El Gobierno de Canarias y el Ministerio de Sanidad han confirmado que nueve bebés en las Islas han mostrado síntomas gastrointestinales relacionados con el consumo de fórmulas infantiles contaminadas por la toxina cereulida, producida por la bacteria Bacillus cereus. De estos casos, dos bebés requirieron hospitalización, aunque las autoridades subrayan que no se registraron situaciones graves.
A nivel nacional, se han notificado un total de 41 casos confirmados en diez comunidades autónomas. Entre estos, 13 menores han necesitado ser ingresados, incluyendo a los dos casos mencionados en Canarias, pero todos han recibido el alta médica.
La investigación epidemiológica indica que la mediana de edad de los afectados es de cuatro meses. Los síntomas más comunes incluyen vómitos y diarrea, que son típicos de la intoxicación provocada por esta toxina. En el caso de los bebés menores de seis meses, el riesgo de deshidratación es especialmente alto debido a la rapidez con que pueden agravarse los síntomas.

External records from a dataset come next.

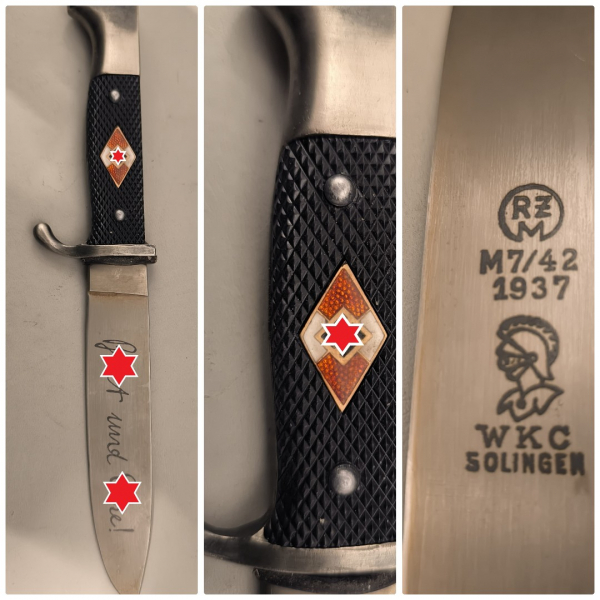 Zum Verkauf kommt dieses gebrauchte, tolle Fahrtenmesser im guten Zustand, von dem Blankwaffenhersteller WKC RZM M7/42 1937 aus SOLINGEN. Es befindet sich in einem zeitgemäß guten Zustand mit Gebrauchsspuren, da es ja auch genutzt wurde. Die Klinge hat leichte Patina. Devise und Hersteller sind noch gut lesbar. Raute ist leicht beweglich. Die Bilder sind Bestandteil dieser Auktion. Ohne Scheide. Privatverkauf, ohne Gewährleistung, Rücknahme und Garantie.
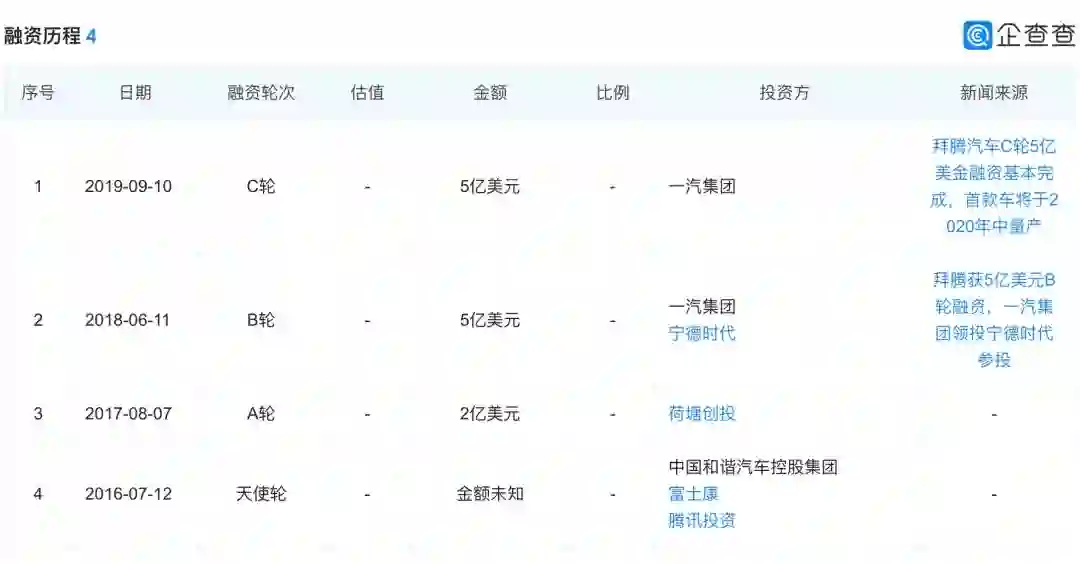 除了一汽,在B轮融资,拜腾的电池供应商宁德时代也参投了它。对于拜腾在动力电池方面的供应,有着不小的优势。
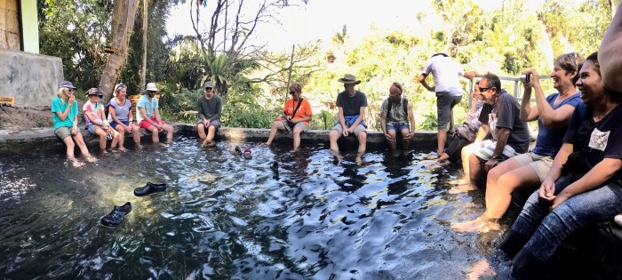 Einen Stop machten wir dann auch noch bei einer warmen Quelle, wo wir alle unsere Füsse im warmen Wasser badeten. Obwohl es so heiss war, war das trotzdem sehr angenehm! Die Quelle gilt als heilsam und die Menschen waschen hier ihre Wäsche mit dem warmem Wasser.

Además de los 41 casos confirmados, se están investigando otros diez con síntomas compatibles. Sin embargo, en nueve de ellos no se ha logrado identificar el lote de la fórmula consumida. A pesar de esto, solo un menor en toda España necesitó ser ingresado en la unidad de cuidados intensivos, aunque se aclaró que esto se debió a una infección respiratoria concurrente y no exclusivamente a los problemas gastrointestinales.
La Agencia Española de Seguridad Alimentaria y Nutrición (AESAN) ha emitido seis alertas entre el 12 de diciembre y el 17 de febrero con el fin de retirar varios lotes y marcas del mercado. Aunque el riesgo actual es considerado bajo gracias a esta retirada masiva, el ECDC advierte sobre la posibilidad de que algunas de estas fórmulas aún se encuentren en los hogares.
Siete países de la Unión Europea están investigando casos similares, aunque aún no se ha establecido una definición común para toda Europa. Las autoridades reconocen que es complicado vincular todos los casos, ya que los síntomas de la toxina cereulida son muy parecidos a los de infecciones virales comunes en invierno.
Desde Sanidad y las instituciones europeas se insiste en que los productos retirados no deben ser administrados bajo ningún concepto y deben ser devueltos al punto de venta. Ante la presencia de vómitos o diarrea persistente en lactantes, se recomienda consultar de inmediato con un pediatra, independientemente de si se sospecha o no del consumo de las marcas afectadas. El Ministerio de Sanidad mantiene una vigilancia activa junto a las comunidades autónomas y la AESAN para actualizar la información a medida que avanza la evaluación de este evento sanitario.